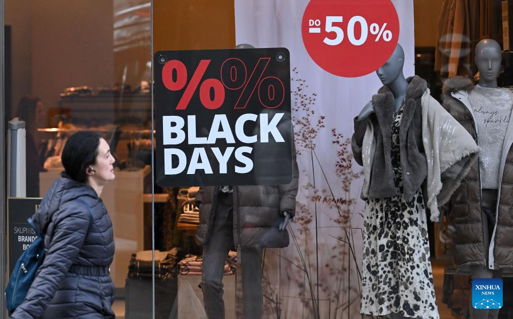 A person passes by the window of a clothes store showing Black Friday discounts in Zagreb, Croatia, Nov. 28, 2025. (Marko Lukunic/PIXSELL via Xinhua)
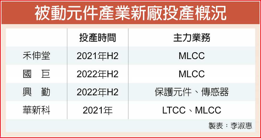 被动元件厂 砸250亿扩产,为了迎接5G、车用的需求,2021~2022年间至少有四座被动元件新厂投入量产,其中禾伸堂(3026)2021年下半年龙潭新厂可望率先试投,由于电动车需求将在2025年进入主升段,红色供应链没有合格的产能之下,台、日被动元件厂将成受惠者。 合计国巨(2327)、禾伸堂、兴勤(2428)、华新科(2492)等四家厂商,投入新厂的资金超过250亿元,光
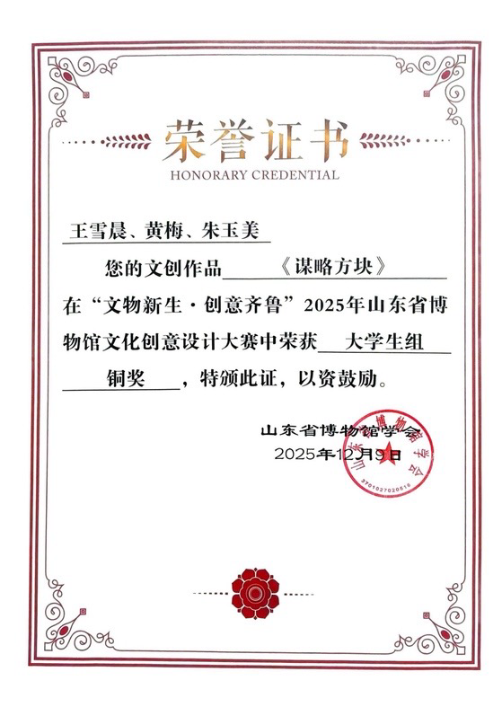 3.在“文物新生·创意齐鲁”2025年山东省博物馆文化创意设计大赛中,获大学生组铜奖1项
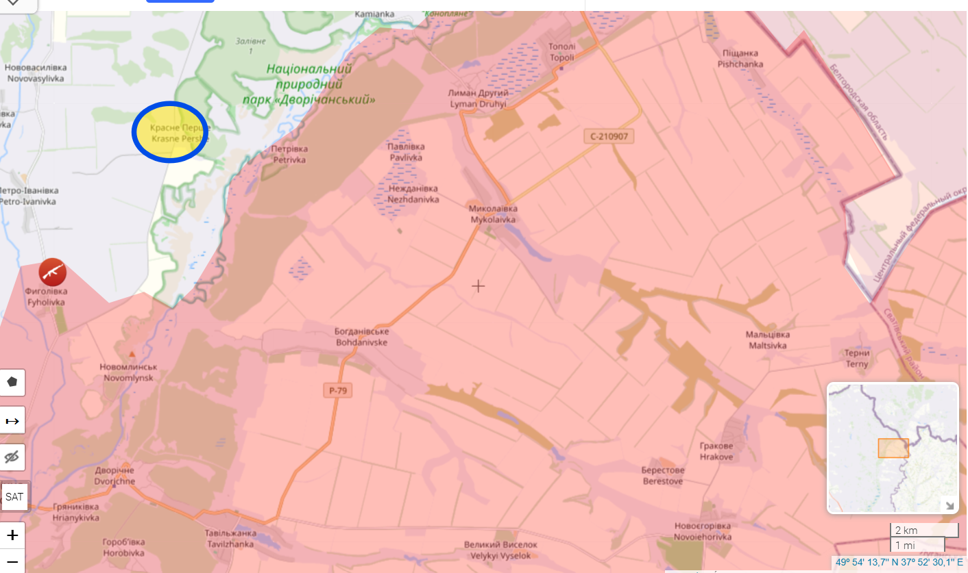 Ozbrojené síly RF aktivně vyvíjejí tlak na Yampolivku, postupují na Terny a ve skutečnosti osadu zcela dobývají, píše ukrajinský zdroj DeepState, který pracuje na Hlavním ředitelství rozvědky Ukrajiny.
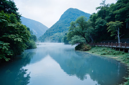 Chinese style pavilion landscape beside a river in the mountains
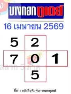 แนวทางหวยบางกอกทูเดย์ งวดประจำวันที่ 16 เมษายน 2569
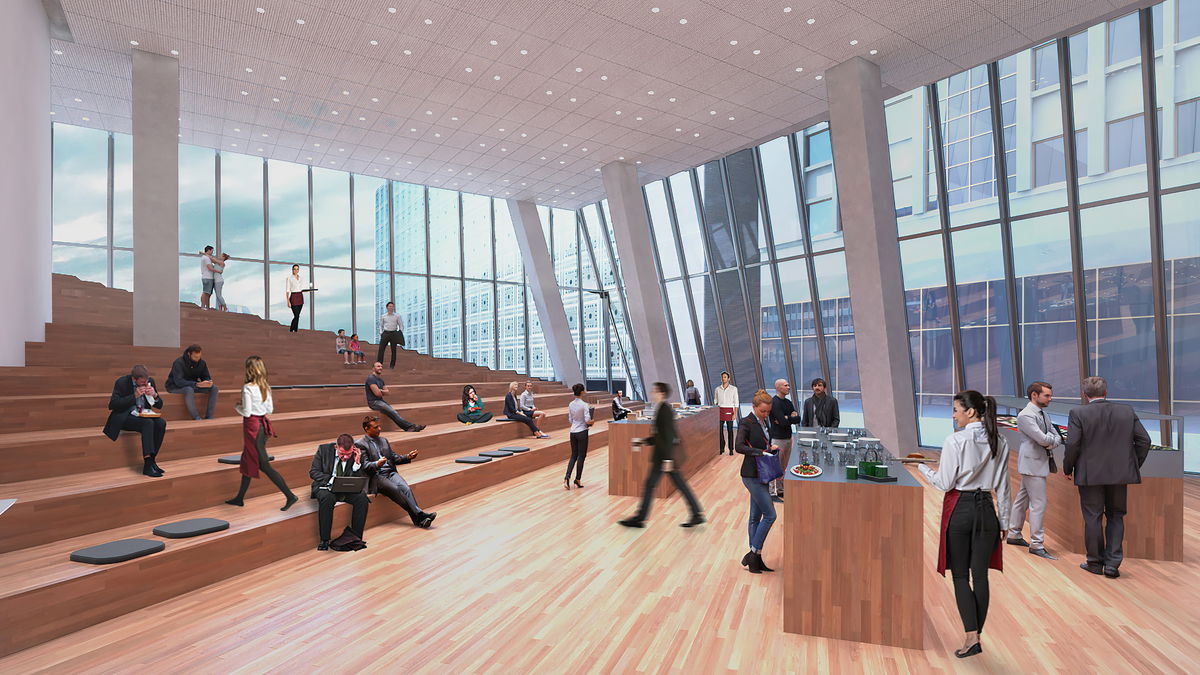 The fifth façade of the building envelope, the roof, is inclined to connect the building heights of the Cassian Building and the Albert Grid. — The building envelope is pushed in to keep the distance towards the apartments in the Albert Grid. Improving the daylight and view conditions for both apartments and offices.
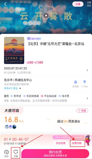 4、在抢票界面中点击抢票攻略。

_EXERCISE PROMPT:_
Return the data exactly. Pictures stay out.

_REPLY:_
 A person passes by the window of a clothes store showing Black Friday discounts in Zagreb, Croatia, Nov. 28, 2025. (Marko Lukunic/PIXSELL via Xinhua)
 被动元件厂 砸250亿扩产,为了迎接5G、车用的需求,2021~2022年间至少有四座被动元件新厂投入量产,其中禾伸堂(3026)2021年下半年龙潭新厂可望率先试投,由于电动车需求将在2025年进入主升段,红色供应链没有合格的产能之下,台、日被动元件厂将成受惠者。 合计国巨(2327)、禾伸堂、兴勤(2428)、华新科(2492)等四家厂商,投入新厂的资金超过250亿元,光
 3.在“文物新生·创意齐鲁”2025年山东省博物馆文化创意设计大赛中,获大学生组铜奖1项
 Ozbrojené síly RF aktivně vyvíjejí tlak na Yampolivku, postupují na Terny a ve skutečnosti osadu zcela dobývají, píše ukrajinský zdroj DeepState, který pracuje na Hlavním ředitelství rozvědky Ukrajiny.
 Chinese style pavilion landscape beside a river in the mountains
 แนวทางหวยบางกอกทูเดย์ งวดประจำวันที่ 16 เมษายน 2569
 The fifth façade of the building envelope, the roof, is inclined to connect the building heights of the Cassian Building and the Albert Grid. — The building envelope is pushed in to keep the distance towards the apartments in the Albert Grid. Improving the daylight and view conditions for both apartments and offices.
 4、在抢票界面中点击抢票攻略。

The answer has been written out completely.